The aim of the 2012 short course was to teach young scientists novel methodological techniques in evolutionary biology and introduce them to a variety of model organisms in order to expand their knowledge base of evolutionary processes. Emerging approaches to investigating systems biology and gene regulatory networks were a particular emphasis of this year's course. Multiple bioinformatic tools, including Biotapestry, Cytoscape, and CellNetAnalyzer, were taught in hands-on computer based modules.  A focus of these modules was to integrate data from disparate sources to allow the investigator to generate testable hypotheses about biological processes. For example, in the Cytoscape lesson, we generated a gene regulatory network using published data of gene targets of the well-studied Drosophila Hox genes, Ultrabithorax and homothorax derived from ChIP analyses. Our Cytoscape-generated networks allowed us to predict the tissue-specific expression of spalt, a downstream target of Hox genes in this network. We subsequently tested hypotheses based on these bioinformatic predictions by investigating spalt expression in the Arthropod lab module.

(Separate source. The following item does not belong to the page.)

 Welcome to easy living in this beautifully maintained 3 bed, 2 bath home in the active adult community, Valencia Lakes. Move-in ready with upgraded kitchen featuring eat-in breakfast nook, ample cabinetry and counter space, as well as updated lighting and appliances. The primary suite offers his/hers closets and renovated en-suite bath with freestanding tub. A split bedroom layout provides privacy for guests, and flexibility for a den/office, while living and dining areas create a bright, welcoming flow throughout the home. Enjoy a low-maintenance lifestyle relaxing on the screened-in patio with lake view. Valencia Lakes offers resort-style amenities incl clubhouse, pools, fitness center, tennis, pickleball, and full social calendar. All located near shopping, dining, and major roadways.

The course also contained modules in standard developmental biological techniques, such as comparative development and morphology. A focus was placed on exposure to non-model systems, such as annual and electric fish, as well as multiple invertebrate species. There were several modules on molecular mechanisms of tissue regeneration, in which we investigated animals of differing levels of complexity and cuteness (planaria, hydra, and axolotl). In addition to comparative analyses, the wet lab modules covered many classical methods in gene expression and embryonic manipulation, including tissue transplantation and electroporation in chick embryos.

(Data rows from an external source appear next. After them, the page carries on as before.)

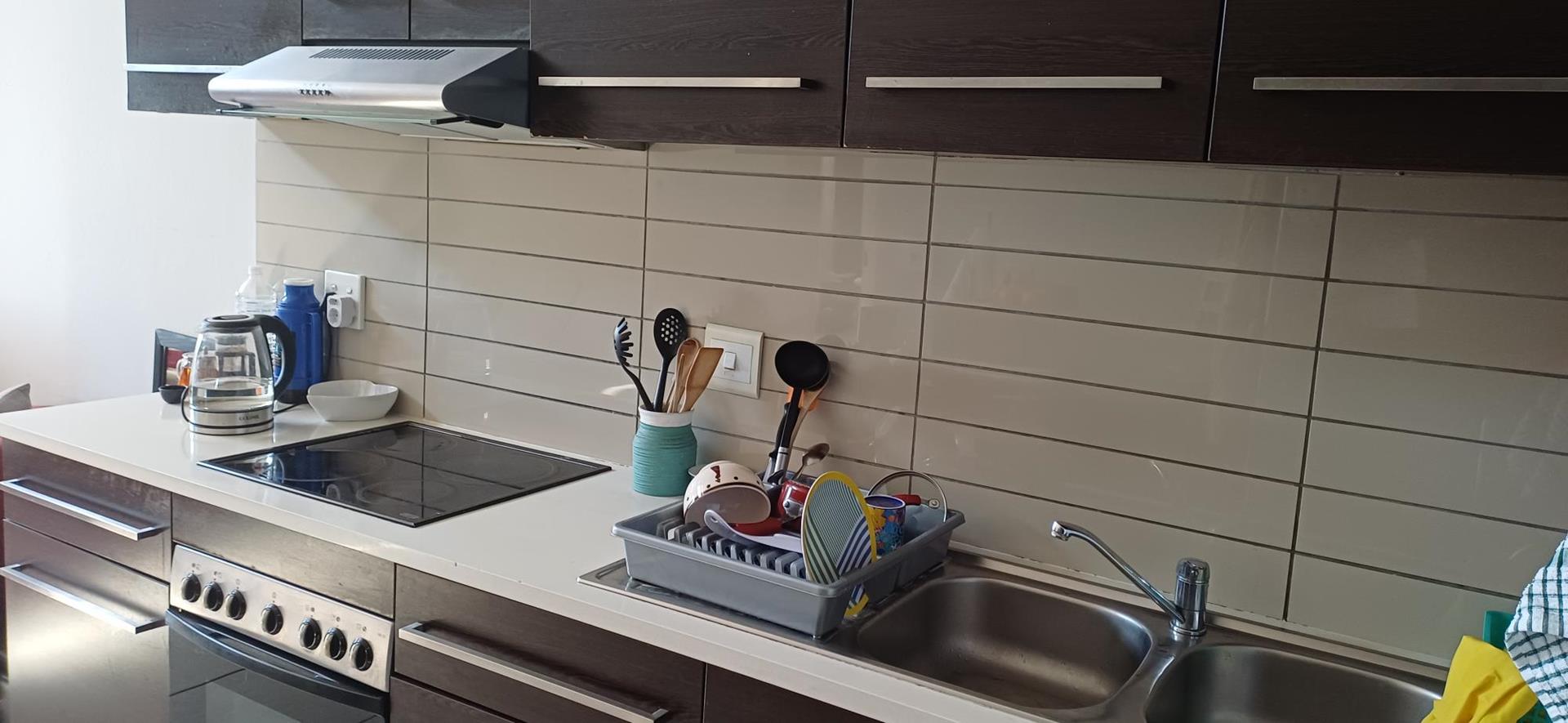 The apartment features two spacious bedrooms and one full bathroom. The main bedroom is designed with ample cupboard space to cater to all your storage needs. The open-plan kitchen is a chef's delight, boasting ample cupboard space and well-fitted with high-quality stainless steel appliances, including a fridge, washing machine, and tumble dryer.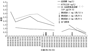 一方面给予抗感染、处理并发症和支持治疗,具体为2019年10月12日起予足量磺胺甲噁唑/甲氧苄啶片,3片 1次/8 h,2019年10月16日改为3片 1次/6 h,2019年10月21日改为3片1次/8 h,后按照肾功能调整剂量至去世。联合卡泊芬净治疗肺孢子菌肺炎(pneumocystis jiroveci pneumonia,PJP)。先后给予莫西沙星、美罗培南、哌拉西林他唑巴坦、万古霉素治疗细菌感染,膦甲酸钠治疗CMV感染。控制血糖,纠正低血钾,治疗消化道出血和双下肌间静脉血栓。2019年10月19日患者继发呼吸机相关肺炎,PCT明显升高,支气管分泌物培养为泛耐药鲍曼不动杆菌,先后给予头孢哌酮舒巴坦、替加环素、多黏菌素B治疗。2019年10月22日因CMV治疗效果不佳调整为更昔洛韦抗病毒。另一方面降低皮质醇水平,奥曲肽逐渐加量至0.2 mg 1次/8 h,后考虑奥曲肽应用后可能存在脱逸现象,加用水飞蓟宾抑制ACTH,此过程中监测血皮质醇下降至40.32 μg/dl,24 h尿游离皮质醇下降至2 285.0 μg/24 h,ACTH下降至46.79 ng/L(图5)。经过上述治疗患者肺部和全身感染仍控制不佳,呈现急性呼吸窘迫综合征,多器官功能衰竭,患者家属拒绝体外膜肺氧合,于2019年10月28日死亡。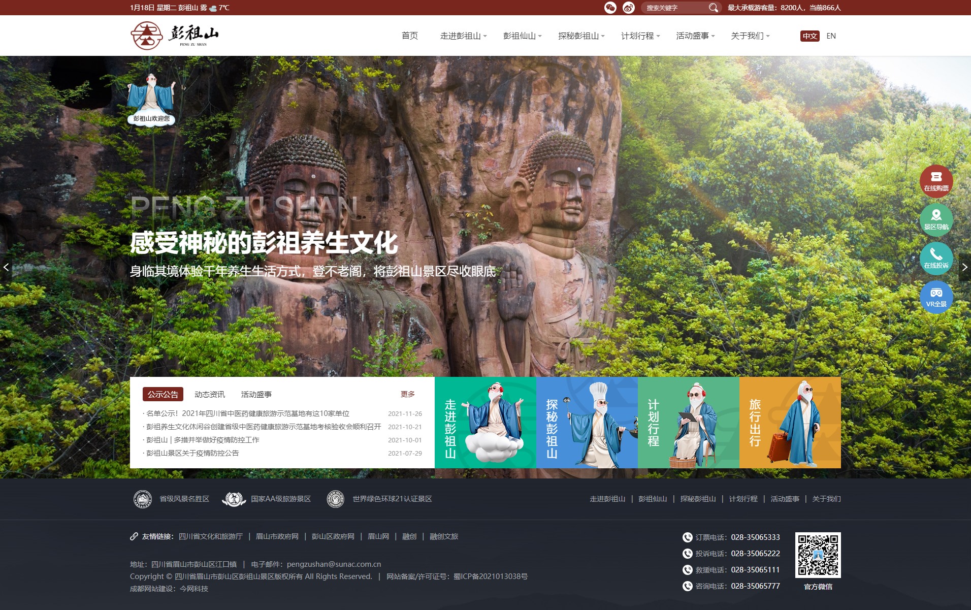 彭祖山景区位于四川天府新区、成都平原南面,眉山市彭山区东北部。彭祖山景区面积约2333亩,海拔高度610米,垂直高差158 米,彭祖山毗邻岷江,与上游青城山、下游峨眉山,构建了“青城天下幽、峨眉天下秀、彭祖天下寿”的蜀中三山格局。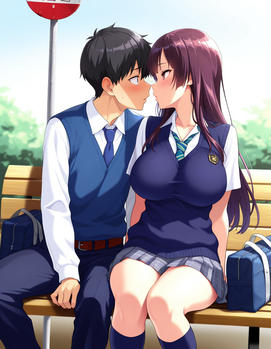 mai_natsuhaa,long_hair,purple_hair,red_eyes,hairclip,school_uniform,bowtie,white_shirt,short_sleeves,black_sweater_vest,grey_pleated_skirt,black_kneehighs,loafers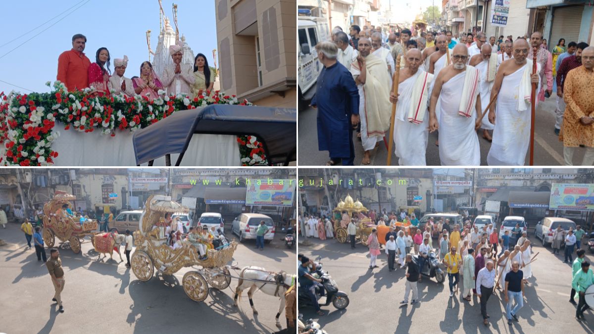 જામનગરના 46 દિગ્વીજય પ્લોટ વિસ્તારમાં વિમલનાથ એપાર્ટમેન્ટમાં રહેતા નંદીશભાઇ શાહ તથા તેમના પત્ની ધારીણીબેન શાહ અને તેમના પુત્ર તિર્થ શાહ આ ત્રણેય કુટુંબીજનો દિક્ષાગ્રહણ કરવા જઇ રહ્યા છે. રવિવારથી શરૂ થયેલ આ દિક્ષા સમારોહ અંતર્ગત વિવિધ ધાર્મિક કાર્યક્રમોમાં ગુરૂ ભગવંતનો પાવન પ્રવેશ, સામૈયુ તથા કુંભ સ્થાપના, જ્વારા રોપણ, 18 અભિષેક, દેશ વિરતી આરાધના સ્વરૂપ સામુહિક પૌષધવ્રત તથા પાટલા પૂજન, શાંતિ સ્નાત્ર પૂજન, જામનગરના રત્નકુક્ષી માતા-પિતા સન્માન સહિતના કાર્યક્રમો યોજાયા હતાં. ત્યારબાદ આજે સવારે વર્ષીદાનનો વરઘોડો યોજાયો હતો. જામનગરના ચાંદીબજારથી પ્રારંભ થઇ શહેરના વિવિધ રાજમાર્ગો પર ફરી શેઠ પોપટલાલ ધારશીભાઇ જૈન બોર્ડીગ સંકુલ ખાતે પુર્ણ થયો હતો. જેમાં જૈન સમાજના અગ્રણી ભરતભાઇ પટેલ, નવીનભાઇ ઝવેરી સહિતના અગ્રણીઓ તથા લોકો વિશાળ સંખ્યામાં જોડાયા હતાં.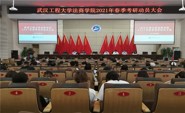 本网讯(通讯员兰海)5月8日,法商学院在流芳校区四教多功能报告厅召开2021年春季考研动员大会,法商学院党委书记杨克平、院长金明浩、副院长付书科、各教研室主任、辅导员及2018级全体本科生参加动员会。会议由院党委副书记严敏主持。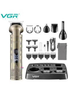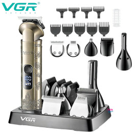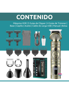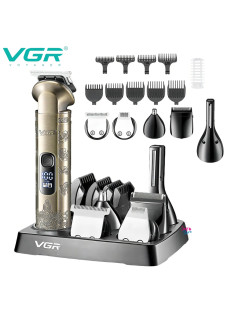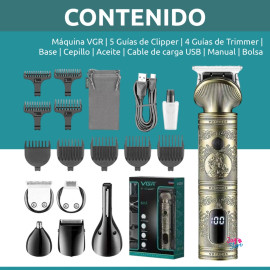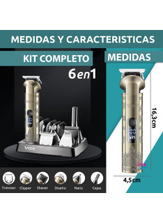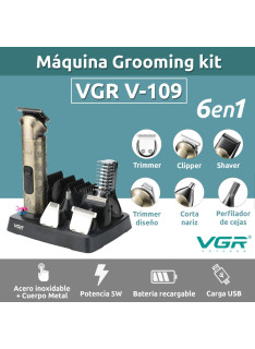 Kit Multifuncional VGR V-109: Máquina 6 en 1 con cuerpo metálico premium. Ideal para cabello, barba y precisión. Incluye base organizadora y pantalla LED. ¡Estilo profesional en casa!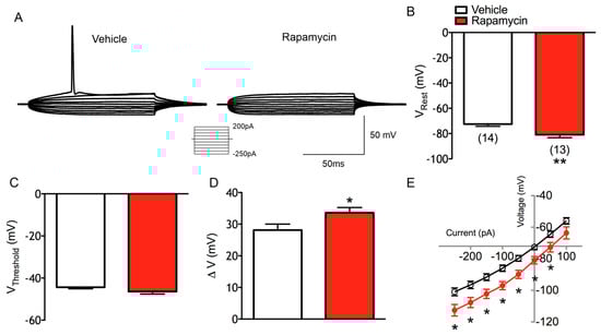 Excitability was examined in current clamp mode using the K-gluconate-based internal solution. A reduction in membrane excitability occurred (Figure 6A). Compared with the vehicle, normal CPNs recorded from chronic rapamycin-treated mice were more hyperpolarized at rest (−72.0 ± 1.7 mV in vehicle vs. −80.9 ± 2.4 mV in rapamycin, p = 0.004) (Figure 6B). Chronic rapamycin did not result in a change in the threshold potential to elicit APs (−44.38 ± 0.7 mV in vehicle vs. −46.41 ± 1.2 mV in rapamycin) (Figure 6C). Because of the more hyperpolarized RMP in rapamycin-treated neurons, the ΔV was increased (28.12 ± 1.9 mV in vehicle vs. 33.62 ± 1.6 mV in rapamycin, p = 0.04) (Figure 6D). Membrane potentials were more hyperpolarized in the rapamycin group at all current steps (F(1,26) = 12.43 for treatment effect, p = 0.0016) (Figure 6E). In the IV plots, chronic rapamycin did not alter the rectification (i.e., slope) in either direction. Instead, there was a downward (i.e., hyperpolarizing) shift in the I–V curve at all but the most depolarized membrane potential.

Beyond the lessons in the classroom, two important messages were re-enforced to me, as a participant in this course. First, although funding issues influence scientific progress in many ways, creativity and resourcefulness cannot be underestimated. In this regard, I was consistently impressed with the persistence and ingenuity of the local scientists to find solutions to technical challenges and devise alternative strategies to answer their scientific questions of interest. Second, science is a global discipline, undertaken by people of different backgrounds, cultures and worldviews. Yet the ethic of science, built around the pursuit of knowledge towards a greater understanding of the natural world, can be a unifying force across many boundaries. As we are all well aware, this does not mean scientists, or even participants in this course, always agree on everything. We are all chordates, but we still debate the origin of the first neuron ancestral to our dorsal nerve cord. Nonetheless, at the heart of this and other scientific debates is a common goal to understand the unknown. To accomplish this goal, open communication and exchange of knowledge is essential, and the 2012 LASDB mini-course provided an environment where the best aspects of the scientific community were manifested.

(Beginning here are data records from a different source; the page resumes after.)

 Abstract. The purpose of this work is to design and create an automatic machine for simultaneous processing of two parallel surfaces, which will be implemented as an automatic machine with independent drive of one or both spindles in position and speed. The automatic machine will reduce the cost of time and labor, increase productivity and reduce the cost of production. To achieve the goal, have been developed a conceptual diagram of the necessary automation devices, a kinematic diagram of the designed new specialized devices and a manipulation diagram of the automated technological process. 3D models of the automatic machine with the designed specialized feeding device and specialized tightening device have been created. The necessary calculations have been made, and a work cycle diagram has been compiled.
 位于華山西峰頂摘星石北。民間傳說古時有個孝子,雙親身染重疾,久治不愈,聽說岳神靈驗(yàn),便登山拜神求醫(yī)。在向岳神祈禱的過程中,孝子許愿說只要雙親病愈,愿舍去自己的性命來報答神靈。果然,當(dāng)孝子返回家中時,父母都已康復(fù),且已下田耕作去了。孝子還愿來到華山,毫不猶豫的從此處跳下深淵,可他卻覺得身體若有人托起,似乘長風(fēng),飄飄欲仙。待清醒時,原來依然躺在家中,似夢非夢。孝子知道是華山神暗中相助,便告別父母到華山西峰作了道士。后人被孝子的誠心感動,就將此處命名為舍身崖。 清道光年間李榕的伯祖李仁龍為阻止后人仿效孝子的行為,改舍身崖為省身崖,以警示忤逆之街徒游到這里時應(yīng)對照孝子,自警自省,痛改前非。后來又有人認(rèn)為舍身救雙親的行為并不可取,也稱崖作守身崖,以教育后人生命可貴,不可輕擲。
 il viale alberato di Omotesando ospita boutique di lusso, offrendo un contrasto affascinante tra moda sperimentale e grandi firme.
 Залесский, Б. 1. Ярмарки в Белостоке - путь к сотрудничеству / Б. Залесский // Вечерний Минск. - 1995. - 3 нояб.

The course was structured so that students and faculty had concentrated research blocks spent together in a closed environment. Despite the long days and often rigorous schedule, the setting and atmosphere established by the course organizers encouraged all participants to interact equally, with no sense of hierarchy, creating a comfortable, amicable environment where students could freely ask questions about all aspects of science- from methods, to publishing strategies, to advice on post-doctoral applications. Impromptu discussions and spontaneous chalkboard explanations were commonly seen throughout the 10-day course. We worked together, ate together, and (sometimes) danced together. In the end, the 2012 course achieved its goal to be integrative, both methodologically, by combining techniques to answer biological questions, and personally, in building lasting relationships. For this unique experience, all the participants sincerely thank the organizers, Mike Levine (University of California, Berkeley), Ida Chow (Society for Developmental Biology), Flavio Zolessi (Universidad de la Republica, and Nibia Berois (Universidad de la Republica), as well as the local volunteers who made the 2012 LASDB mini-course possible.